Opinion articles provide independent perspectives on key community issues, separate from our newsroom reporting.

Letters to the Editor

Support a truly endangered species: Our farmers

American farmers never seem to get a fair shake, no matter who is in office.

It’s a crisis. Over-regulation, tariffs, and the inability to export have cut into their salaries. The average farm income has fallen to near 15-year lows and we are already seeing bankruptcies. John Newton, chief economist at the American Farm Bureau says, “The farm economy is in pretty tough shape.”

The American farmer is an endangered species. They top America’s oldest workers at 59.2 years and have the highest rates of suicide of any profession by more than 30 percent. And in Thurston, their property taxes have gone up as high as 150 percent.

Even worse, one of the few places farmers can get help is the Thurston Conservation District, which was originally intended to aid farmers in cost-share programs, etc., but has steadily been drifting away from their core mission in the agricultural sphere to one of plant sales and rain barrel workshops.

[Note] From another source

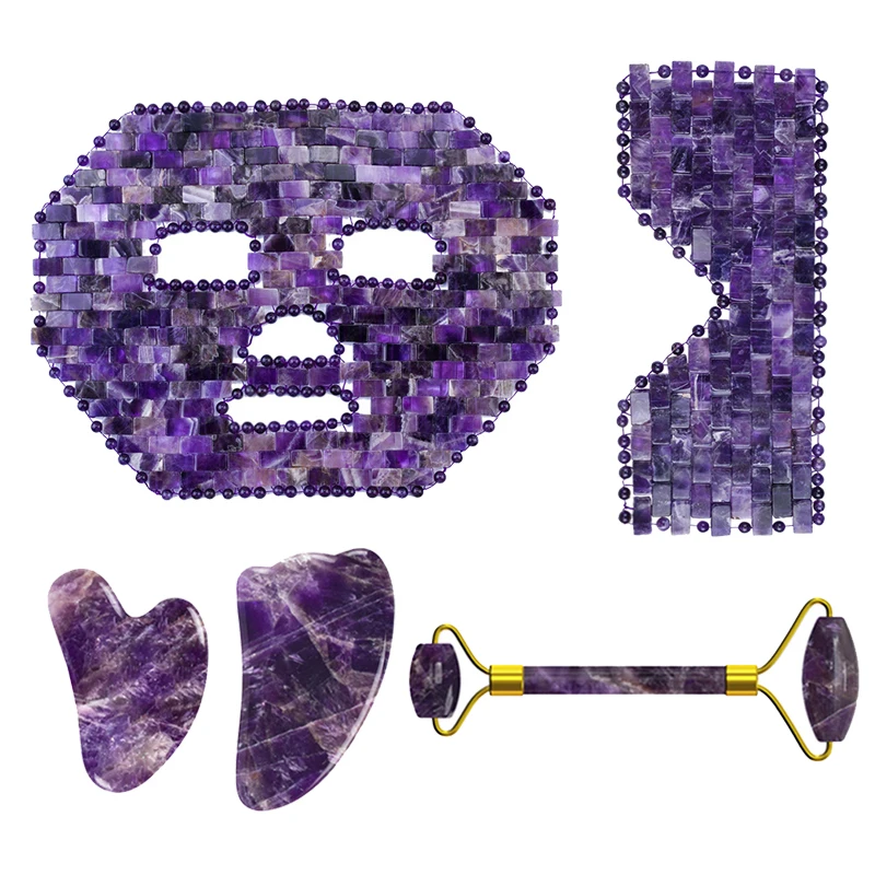 Аметист массажный ролик Guasha доска натуральный фиолетовый кристалл маска для глаз массажер для лица настоящий нефрит гуашь Скребок камень маска для лица
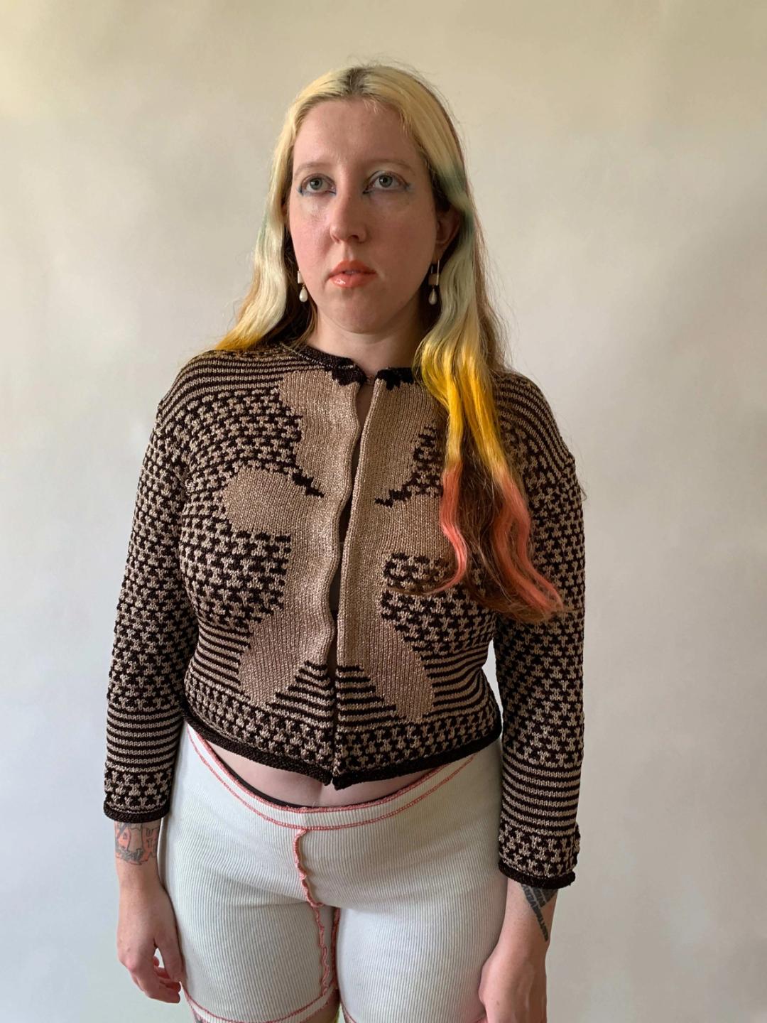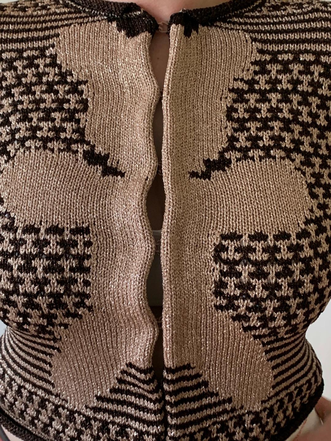 Vintage and rare sweater by Nozomi Ishiguro Haute Couture featuring a knit teddy bear design. The sweater is made of an interesting iridescent and stretchy textile. Due to the knit's elastic nature it is a fitted style and could fit a variety of sizes. It has hook and eye closures down the front. Labeled One Size.

The only two Supervisors of the TCD who are farmers are being railroaded off the board, denied their due process, and even though one was elected by the citizens, the State intends to remove them for the sin of holding the TCD accountable and in representing farmers, most of whom have no relationship with the TCD.

Please show your support at their hearing on Wednesday, Feb. 20, at 8:30 am at the Double Tree by Hilton Hotel Olympia.